REQUIRED WORK - Emit a verbatim copy of the lines below from the line with "Such bullshit. The" through the line with "- De Germanium", excluding pictures and everything outside that range.

EXERCISE MATERIAL -
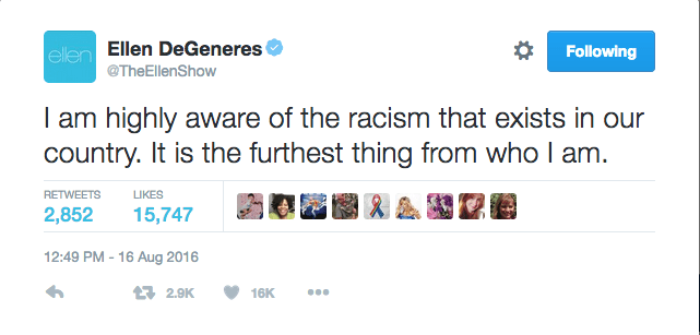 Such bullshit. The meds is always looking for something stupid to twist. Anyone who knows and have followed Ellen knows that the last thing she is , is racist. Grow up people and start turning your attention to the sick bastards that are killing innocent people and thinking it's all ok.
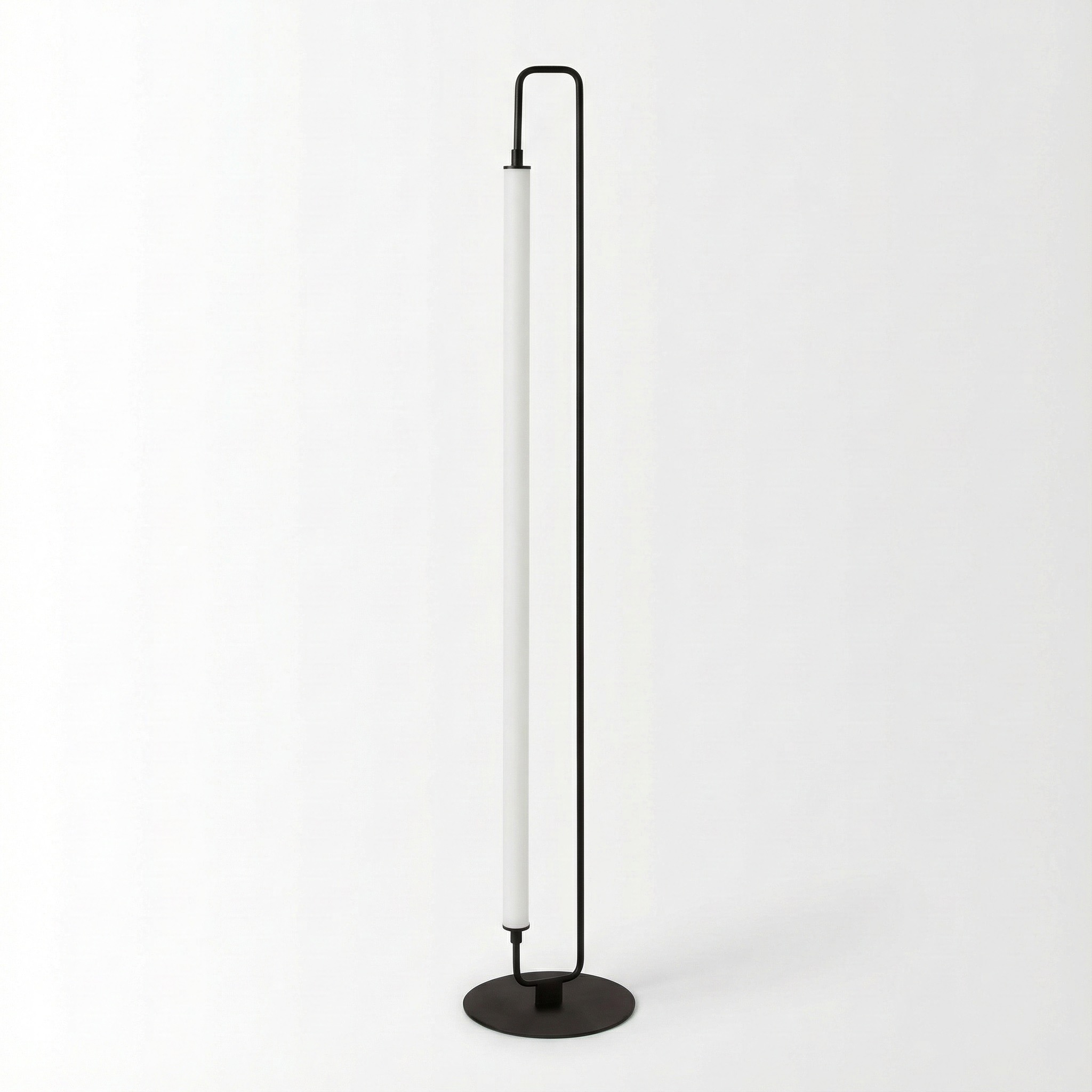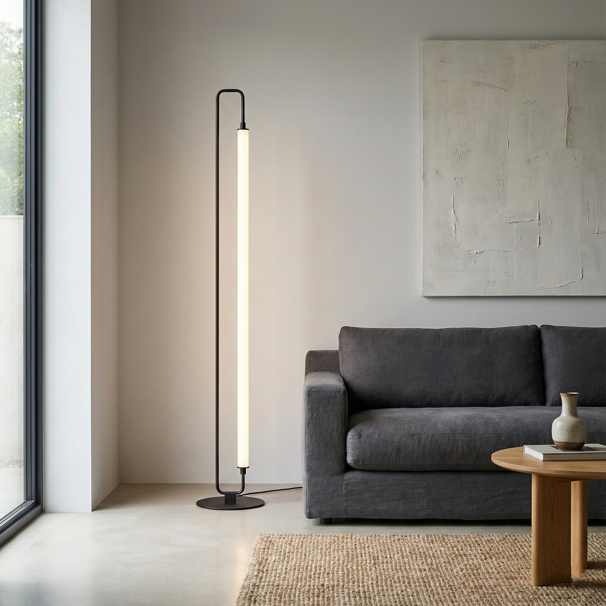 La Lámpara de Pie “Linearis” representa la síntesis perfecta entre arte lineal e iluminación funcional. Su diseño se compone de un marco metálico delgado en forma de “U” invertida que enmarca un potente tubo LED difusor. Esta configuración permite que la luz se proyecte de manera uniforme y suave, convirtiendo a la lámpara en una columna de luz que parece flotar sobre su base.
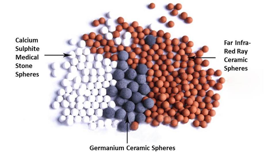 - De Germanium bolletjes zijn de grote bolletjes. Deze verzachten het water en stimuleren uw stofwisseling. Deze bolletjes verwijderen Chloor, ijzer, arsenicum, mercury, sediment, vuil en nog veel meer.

...

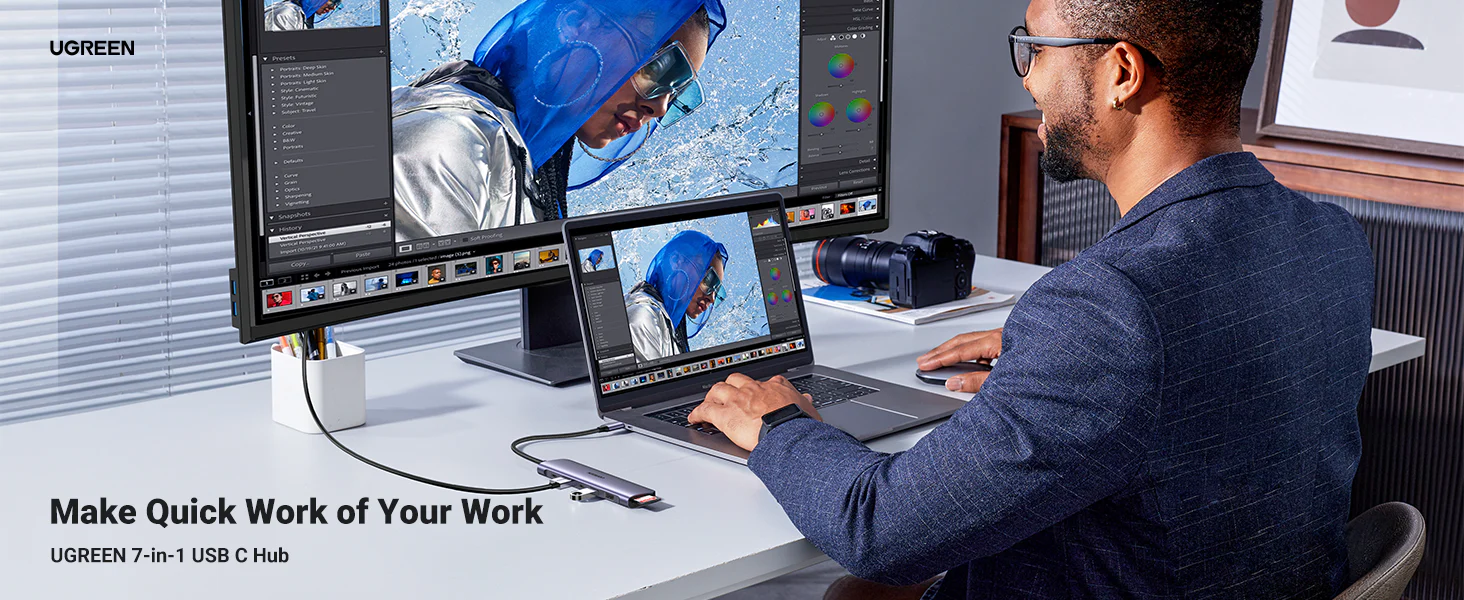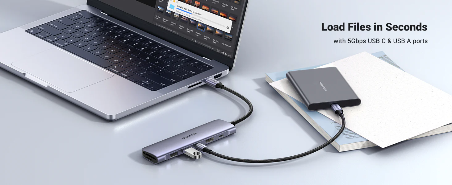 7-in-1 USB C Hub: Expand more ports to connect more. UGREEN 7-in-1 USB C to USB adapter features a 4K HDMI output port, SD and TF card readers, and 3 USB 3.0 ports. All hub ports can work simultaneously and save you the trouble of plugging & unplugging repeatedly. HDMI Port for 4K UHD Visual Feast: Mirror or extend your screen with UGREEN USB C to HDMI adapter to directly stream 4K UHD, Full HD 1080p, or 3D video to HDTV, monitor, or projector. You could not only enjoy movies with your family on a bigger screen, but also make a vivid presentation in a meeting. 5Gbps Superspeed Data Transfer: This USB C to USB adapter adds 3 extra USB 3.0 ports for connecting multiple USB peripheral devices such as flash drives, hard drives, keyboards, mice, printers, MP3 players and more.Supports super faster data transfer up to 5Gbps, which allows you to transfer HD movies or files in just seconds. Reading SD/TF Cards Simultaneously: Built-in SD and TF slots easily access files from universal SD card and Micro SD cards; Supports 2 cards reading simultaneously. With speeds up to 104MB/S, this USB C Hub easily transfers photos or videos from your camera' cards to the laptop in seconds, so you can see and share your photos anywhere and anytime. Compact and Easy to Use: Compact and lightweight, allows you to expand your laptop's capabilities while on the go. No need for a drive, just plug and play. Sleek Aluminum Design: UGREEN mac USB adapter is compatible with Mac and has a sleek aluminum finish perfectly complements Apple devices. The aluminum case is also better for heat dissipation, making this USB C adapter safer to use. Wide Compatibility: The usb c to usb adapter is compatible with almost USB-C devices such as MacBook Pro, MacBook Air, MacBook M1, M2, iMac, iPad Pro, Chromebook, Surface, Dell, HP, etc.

* * *

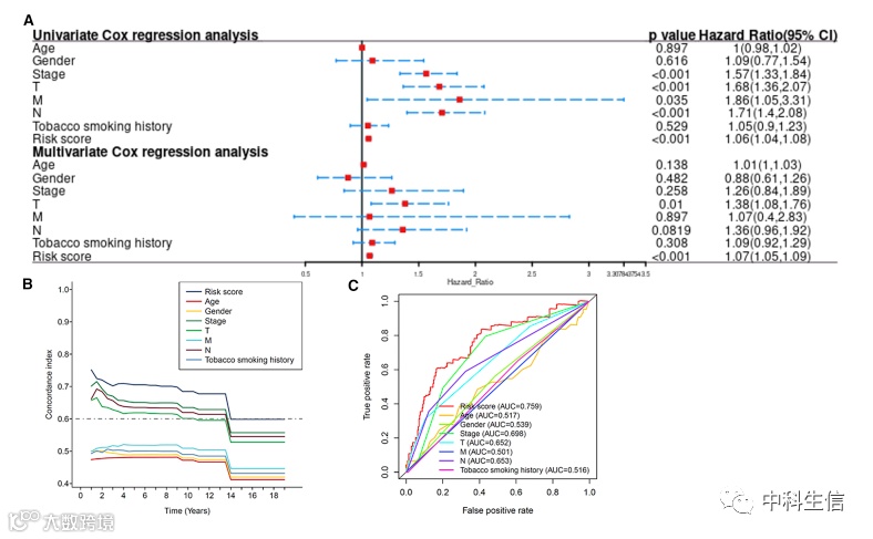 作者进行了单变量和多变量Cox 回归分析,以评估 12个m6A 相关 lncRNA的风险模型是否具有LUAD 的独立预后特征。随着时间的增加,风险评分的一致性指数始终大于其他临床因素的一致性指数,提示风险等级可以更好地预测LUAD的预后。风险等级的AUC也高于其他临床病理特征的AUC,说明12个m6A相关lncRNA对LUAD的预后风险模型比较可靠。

OUTPUT OF THE TASK -
 Such bullshit. The meds is always looking for something stupid to twist. Anyone who knows and have followed Ellen knows that the last thing she is , is racist. Grow up people and start turning your attention to the sick bastards that are killing innocent people and thinking it's all ok.
 La Lámpara de Pie “Linearis” representa la síntesis perfecta entre arte lineal e iluminación funcional. Su diseño se compone de un marco metálico delgado en forma de “U” invertida que enmarca un potente tubo LED difusor. Esta configuración permite que la luz se proyecte de manera uniforme y suave, convirtiendo a la lámpara en una columna de luz que parece flotar sobre su base.
 - De Germanium bolletjes zijn de grote bolletjes. Deze verzachten het water en stimuleren uw stofwisseling. Deze bolletjes verwijderen Chloor, ijzer, arsenicum, mercury, sediment, vuil en nog veel meer.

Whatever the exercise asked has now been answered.